74-letnia mieszkanka Szczawnicy odebrała telefon od mężczyzny, który podał się za policjanta i poinformował ją o "tajnej akcji prowadzonej przeciwko hakerom, którzy włamują się na konta bankowe i kradną pieniądze". Aby ułatwić kobiecie dotarcie do banku oszust zamówił taksówkę w dwie strony. Seniorka podała oszustom dane do logowania do bankowości internetowej i straciła ponad 88 tysięcy złotych.

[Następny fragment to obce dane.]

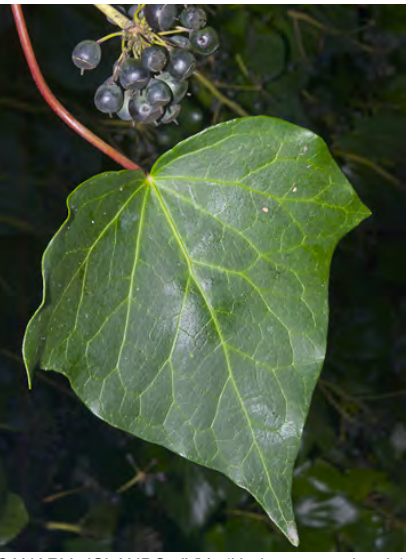
CANARY ISLANDS IVY (Hedera canariensis) Naturalized Perennial - Ginseng Family -(Aug-Nov) - Woodland, chaparral, disturbed areas - Woody vine. Leaves gen 3-pointed, > English Ivy. Flowers white to green. Fruit black, ~0.2" wide. INVASIVE weed.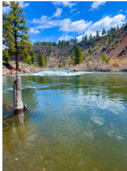
Truckee River In April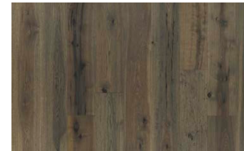
Michigan Hickory AVE95MICH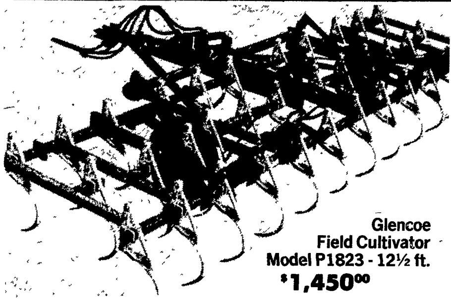
Glencoe Field Cultivator Model P1823 - 12½ ft. $1,450 00

R D #2, HONEY BROOK 1 mile West of Honey Brook on Rt 322 then North on Reservoir Rd Call 215-273-2943 or 273-9730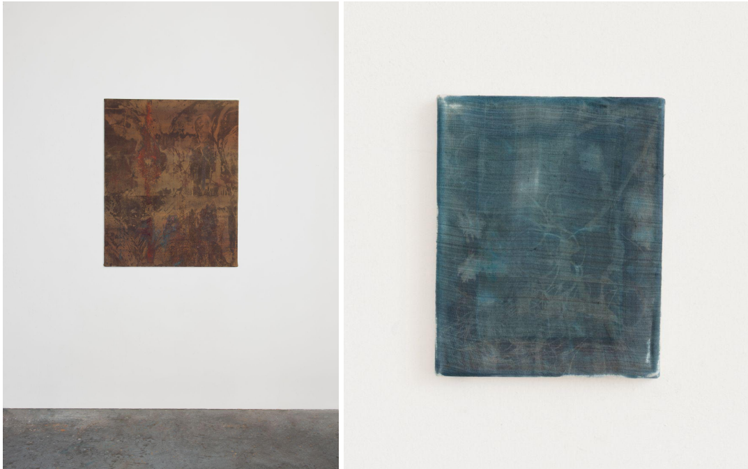
Left: Olga Grotova, Rot , Pigments and photograms on linen, 100 x 80 cm, 2023

Szelit Cheung explained, 'The residency is named 'Door To Door', and 'Door' is an interesting theme that is full of imagination. When standing in front of the door, you may choose to open it to exit or enter a new space, or even stay in the current state. At MLSAR, I was attracted to the light and atmosphere of the building. I often gaze at the light on the floor or on the walls to experience the atmosphere at different times. I try to express my interpretation in my work.'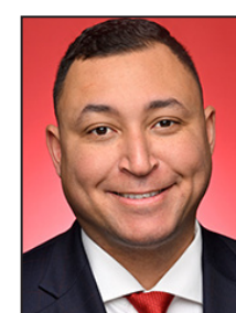
BABET, Senator Ralph VIC

This product will be updated as official photos are published.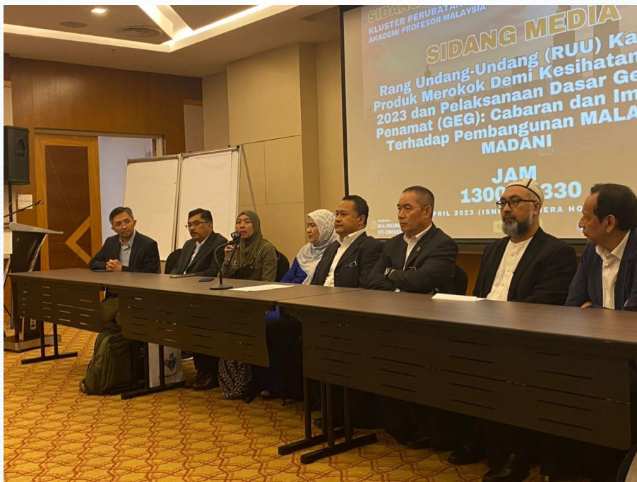
Health experts at a roundtable conference on the Control of Smoking Product for Public Health Bill 2023 and the Generational Endgame (GEG) policy, organised by Akademi Profesor Malaysia, in Bangi on April 17, 2023.

BANGI, April 17 – A group of prominent health experts in Malaysia has issued a 'Bangi Declaration' outlining 10 key recommendations to strengthen tobacco and vape control measures in the country, in response to the government's decision to remove nicotine liquids and gels from the Poison Act 1952.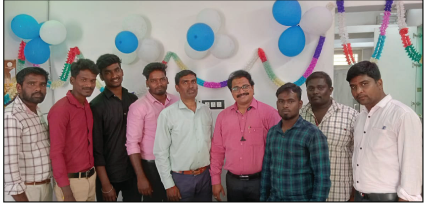
Svasti Microfinance Sholinghur (Tamil Nadu) Branch opening ceremony, on 10th March 2022.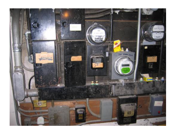
A portion of the older electrical service equipment in the Basement.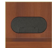
Wire Management TV, DVD, and VCR cables & wires are easily managed through oversized wire grommets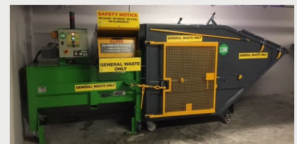
Bin Size can be adapted to site requirement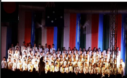
SCHOOL CHOIR IN ACTION

Do zdarzenia doszło na początku grudnia. Około godziny 9, na telefon stacjonarny 74-letniej mieszkanki Szczawnicy zadzwonił mężczyzna, który przedstawił się jako policjant z Komendy Wojewódzkiej Policji w Krakowie. Mężczyzna w rozmowie przekazał seniorce, że na terenie Polski grasuje grupa przestępcza, która włamuje się na konta bankowe i kradnie pieniądze. W celu zabezpieczenia swoich pieniędzy nakazał kobiecie przelanie swoich oszczędności na wskazany przez niego rachunek bankowy, a w tytule przelewu miała wpisać „elewacja tynkowa”. Oszust przekonał kobietę, aby nikogo nie informowała o wykonaniu przelewu, bo prowadzona przez niego akcja jest tajna i kobieta straci swoje pieniądze. Wystraszona 74-latka przekazała „policjantowi”, że mieszka daleko od banku, nie ma własnego samochodu i nie ma jak dostać się do placówki.Policja przestrzega przed kontaktem z osobami nieznajomymi:
"Seniorze! Nie przekazuj osobom obcym informacji o posiadanych oszczędnościach. Pamiętaj! Policja nigdy nie prosi o przekazanie/przelanie na wskazane konto pieniędzy i nigdy nie dzwoni z takim żądaniem. Ponadto funkcjonariusze nigdy nie informują telefonicznie o prowadzonych „tajnych akcjach policyjnych". Nie daj się oszukać!"